September 17 2014 Latest news:
by Sam Blewett, Reporter
Monday, June 23, 2014
A mother has set-up a business teaching Indian Punjabi and Urdu to children so they can better understand their cultural heritage.
Juliet Chowdhury, 36, of Ilford, will teach her first class this Saturday at the Clementswood Community Centre in Connaught Road, Ilford.
The Pakistan-born mother-of-three began giving her children, aged four, six and 10, Urdu lessons at home so that they could understand her culture and enjoy the literature of the nation she left for Redbridge in 2003.
She soon noticed there was a gap in the market for lessons when she realised there are no formal Urdu classes in the area.
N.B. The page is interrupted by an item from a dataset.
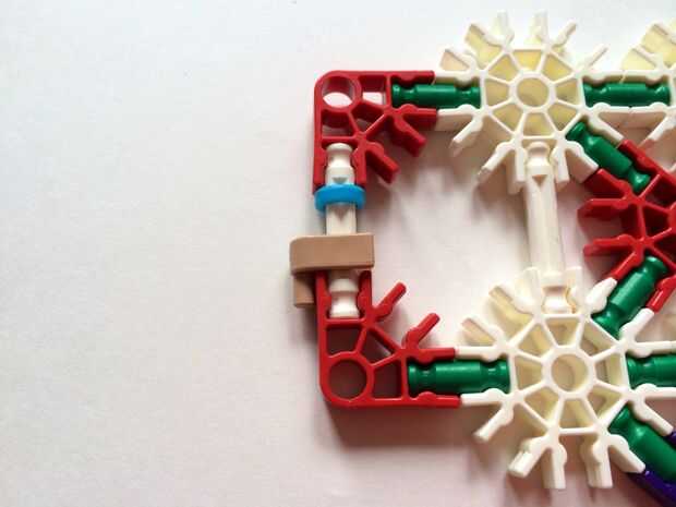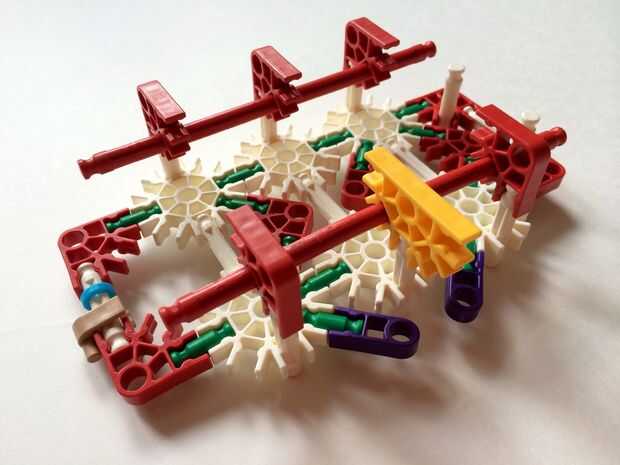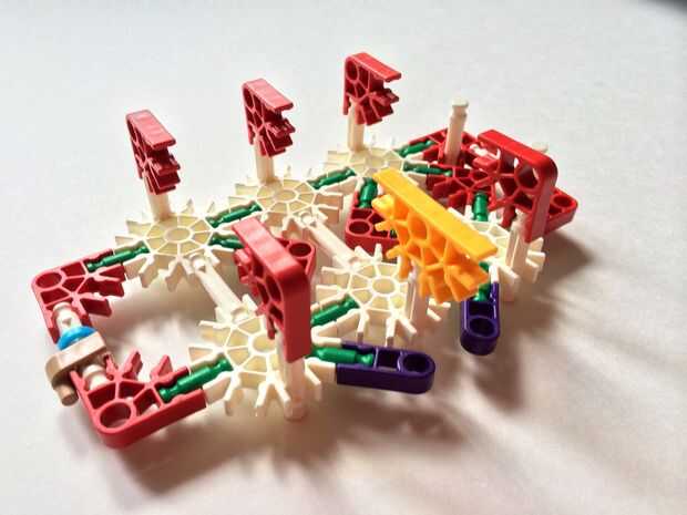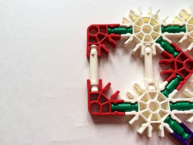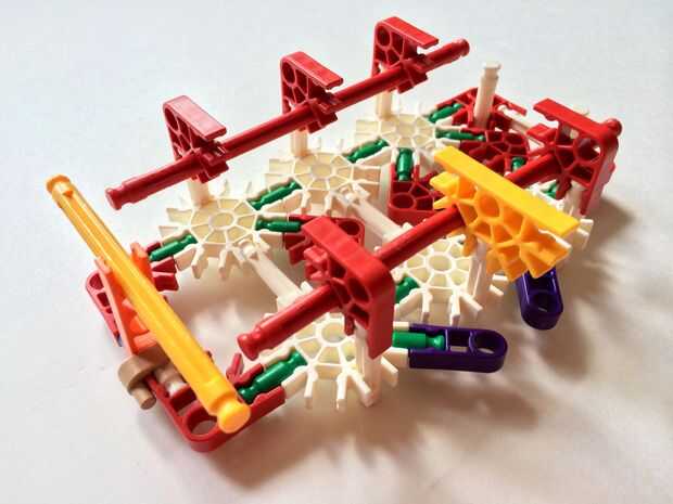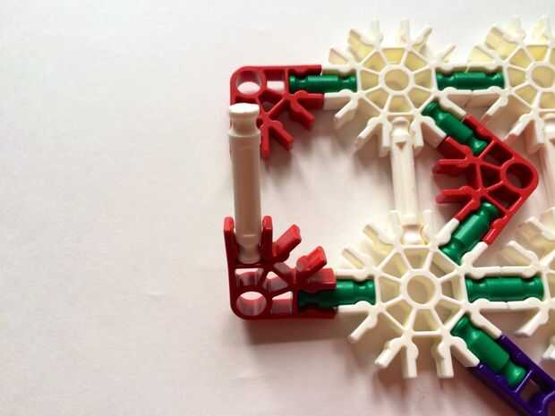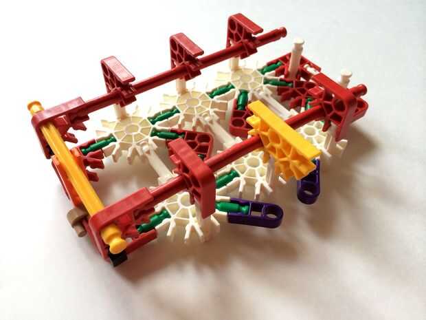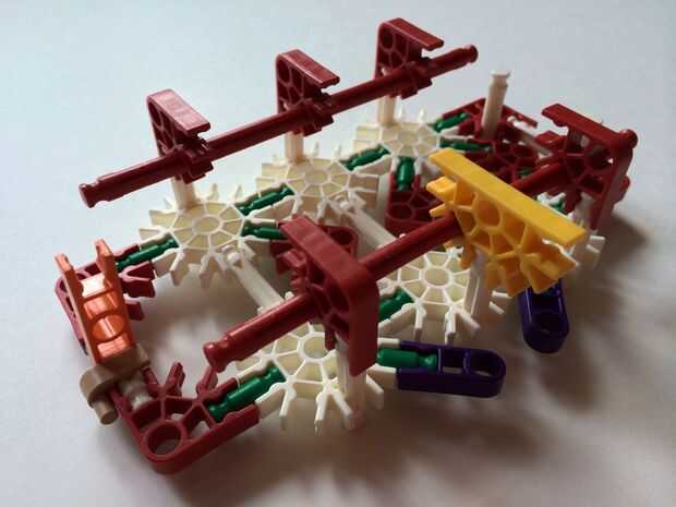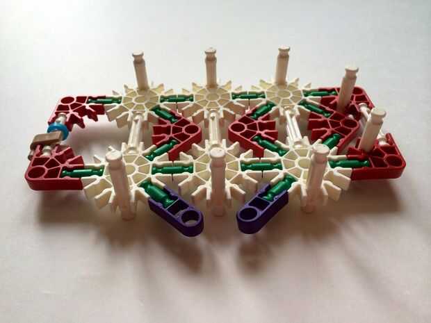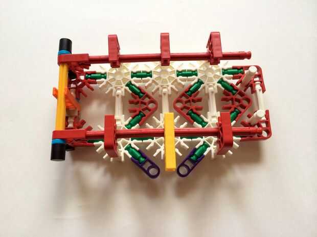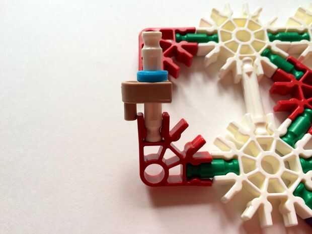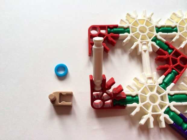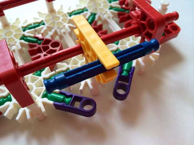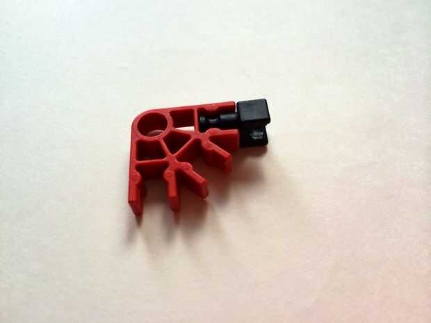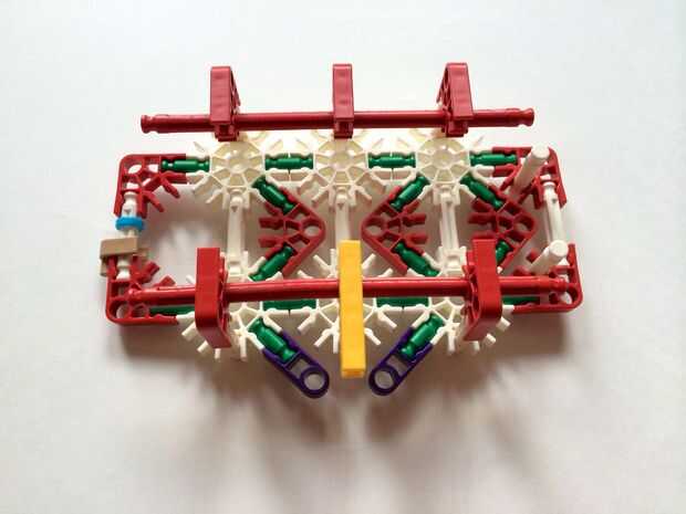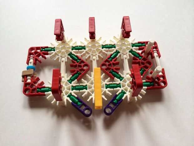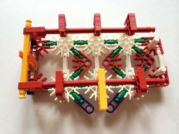 Empezar por desenganche la varilla del blanco en un extremo en el lado izquierdo de la caja del forro como en fotos 1 y 2. Luego, añada un bloqueo de la rotación tan y un separador azul como en fotos 3, 4 y 5. Entonces, añadir 8 varillas blancas como en cuadros 7, 8 y 9. Añadir 5 conectores rojo y un conector amarillo a la parte superior de todas las barras de blanco, como se muestra en fotos 10, 11 y 12. A continuación, agregue dos barras rojas como en fotos 13, 14 y 15. Añadir un conector naranja entre el separador de azul y tan bloqueo de rotación como en cuadros 16, 17 y 18. Añadir una barra amarilla en el conector naranja (fotos 19, 20 y 21).

Urdu, the national language of Pakistan, is commonly spoken in Ilford by new immigrants and at Pakistani events, according to Juliet.
She thinks the area could be more inclusive if a greater number of people were able to speak it as a second language.
Second-generation immigrants, she said, would be able to communicate with their elder relatives and learn more about their identity.
Mrs Chowdhury said: “There are no Urdu classes in the area that’s why I’ve decided to open these.
“They allow children to be bilingual and therefore give them more tools to understand our culture.”
The classes are £5 per session and designed for children aged four to 11. The maximum class size will be 20 children.
Wilson, Juliet’s husband and the chairman of the British Pakistani Christian Association, has helped set up the classes and thinks they will also improve employment prospects for local children.
He said: “Being bilingual gives you the opportunity to work as a translator. Schools here in Redbridge need Urdu and Punjabi translators.”